Le inquadrature sono quasi tutte in luoghi chiusi o rigidamente delimitati, non c’è mai il respiro
dello spazio; l’unico momento in cui lo sguardo si allarga è quando verso la fine Szpilman
oltrepassa il muro e vede la città ridotta ad un cumulo di macerie. Lo sguardo spazia, si, ma
sull’orrore cosmico, sulla distruzione e il nulla sistematizzati.

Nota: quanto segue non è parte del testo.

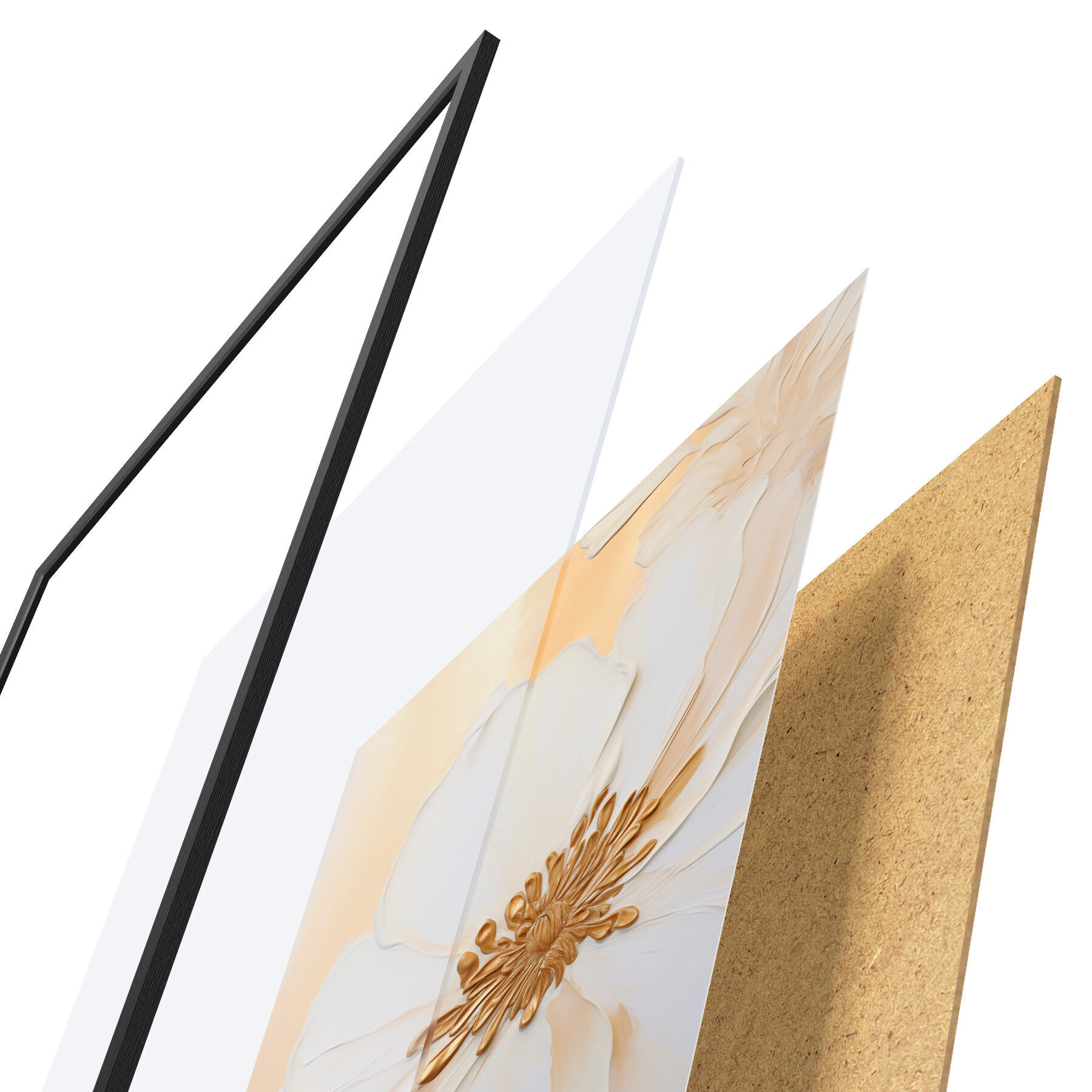 De poster bestaat uit een frame, plexiglas, geprinte afbeelding en spaanplaat achterkant. De poster kan meteen aan de muur worden gehangen dankzij de bevestigingen op de achterkant.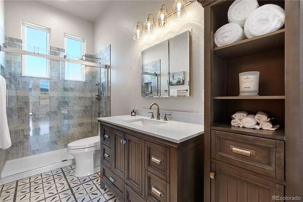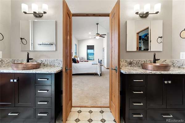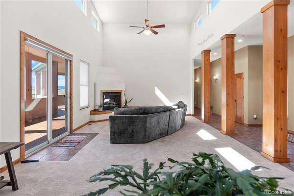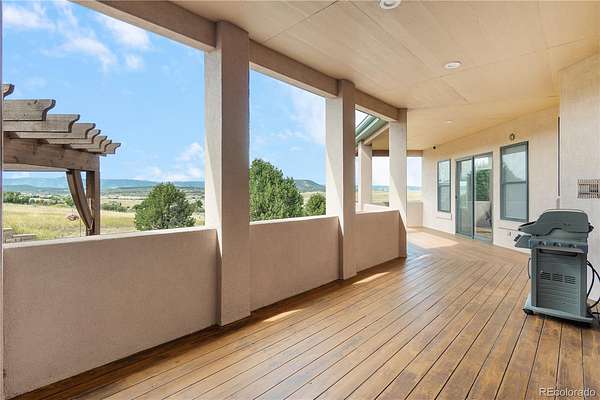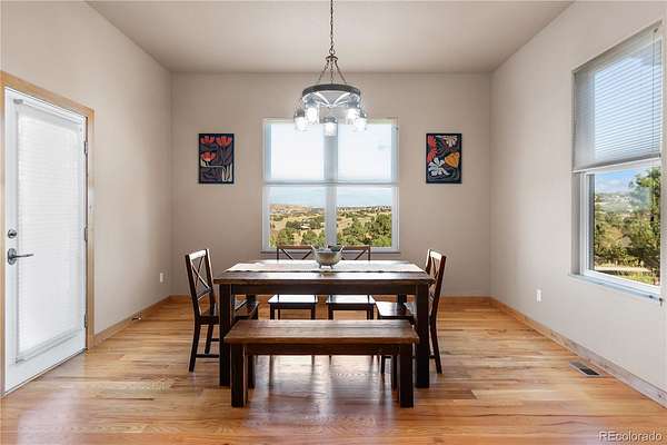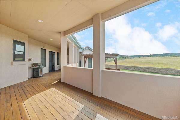 Experience a unique custom ranch home in the highly desirable Bell Mountain Ranch community, situated on over 2.5 acres. This spacious residence encompasses 4,067 square feet and features a thoughtfully designed layout, including four bedrooms and three and a half bathrooms, offering both versatility and comfort. The living room is enhanced by vaulted ceilings and abundant natural light, while the kitchen and family room create an impressive open-concept space, ideal for entertaining and showcasing stunning mountain views. Three main floor bedrooms, including the primary bedroom, provide generous space and plenty of natural sunlight. The primary bedroom on the main floor boasts an ample layout along with a beautiful en-suite bathroom. The basement offers additional living or entertaining space, complete with a bedroom, a bathroom, and ample storage. This home also features a massive covered deck, perfect for entertaining or simply relaxing while enjoying the views, with convenient walk-out access to a patio from the main level. The three-car oversized garage provides plenty of storage space, and there is also side parking available! This southwestern-style custom home boasts remarkable living spaces and is set on a picturesque lot in Castle Rock. It invites you to experience the serene beauty of Colorado living, just minutes away from shopping and dining, with easy access to I-25 for convenient commuting. The generous square footage and distinctive floor plan make this property an exceptional opportunity for buyers seeking character, functionality, and room to grow. *Please see supplement documents *

Il motivo polanskiano del fatalismo e dell’arbitrarietà della sorte prevale anche qui, malgrado
Szpilman riceva un trattamento di favore per la sua fama di pianista apprezzato della radio di
Varsavia. Non viene mai messo in scena un rapporto di causa effetto tra malvagità e punizione, o tra
generosità, bontà, e premio. Il destino ha un andamento aleatorio, non c’è ricompensa dovuta per il
bene nè per il male che ciascuno pratica.

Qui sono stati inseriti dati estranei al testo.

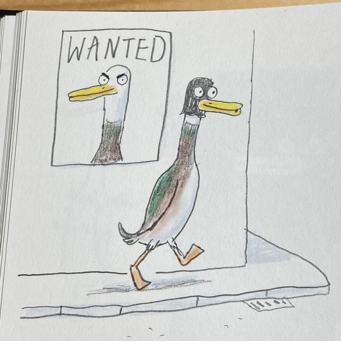 WANTED! El Quacko. Master of disguise. Nicknamed ‘Duck of a Hundred Faces’, He’s currently on the run after breaking out of Duck House Penitentiary and heading to the border. #kidlitart #illustration #crimeillustration #indianrunnerducks #picturebookillustration #workinprogress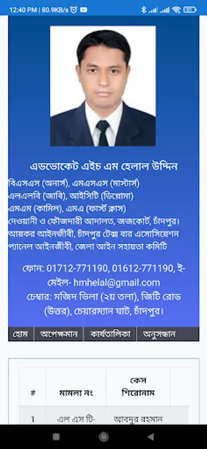 I am Advocate H M Helal Uddin, LLB (NU), LLM (DIU). Lawyer of Chandpur District Judge Court. I Practice Criminal, Civil, Family cases. Also practice as income tax lawyer. A Panel Lawyer of National Legal Aid Program in Chandpur District Commity. I also skilled ICT Law and Digital Security Law.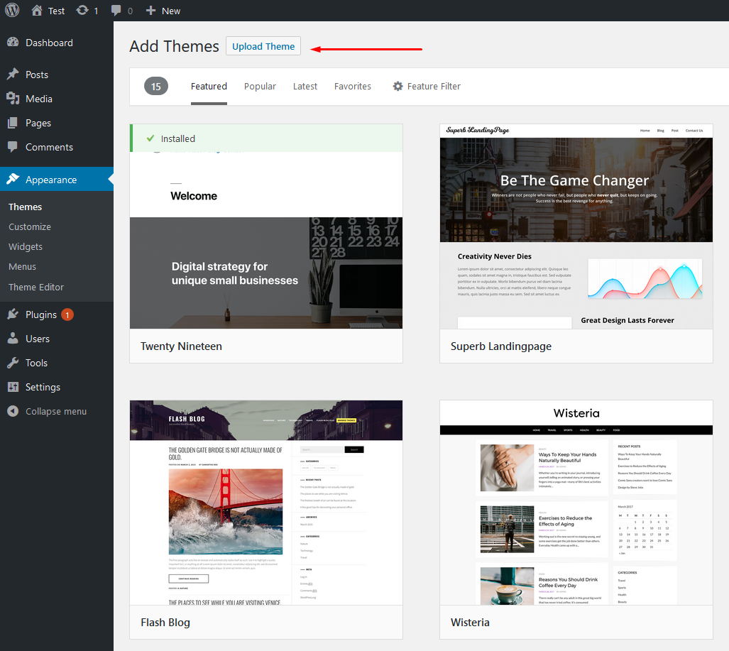 locate the installable WordPress file to upload when you install the theme.

Il film procede per rarefazione: all’inizio è affollato di persone e voci; poi si sposta nella
individualità circoscritta di un individuo che sceglie l’isolamento per sopravvivere: dovrà lottare per
mantenere la lucidità tenendo a bada l’orrore che richia di sopraffarlo in ogni momento; in questo
senso Szpilman differisce dagli altri personaggi polanskiani che soccombono alla follia.
L’unica cosa a disposizione di Szpilman è il tempo, ed è paradossalmente il suo peggior nemico
perché può minare la sua lucidità ed obiettività: diversamnete dallo spettatore, non sa come
finiranno le cose, come andrà la guerra, quanto durerà, quale sarà il suo destino; si limita ad
osservare ciò che gli accade intorno.
Polanski ci fa vedere solo immagini frammentarie e rubate della battaglia, che sono necessarie al
protagonista per capire qualcosa di quel che sta accadendo all’esterno del suo microcosmo cieco.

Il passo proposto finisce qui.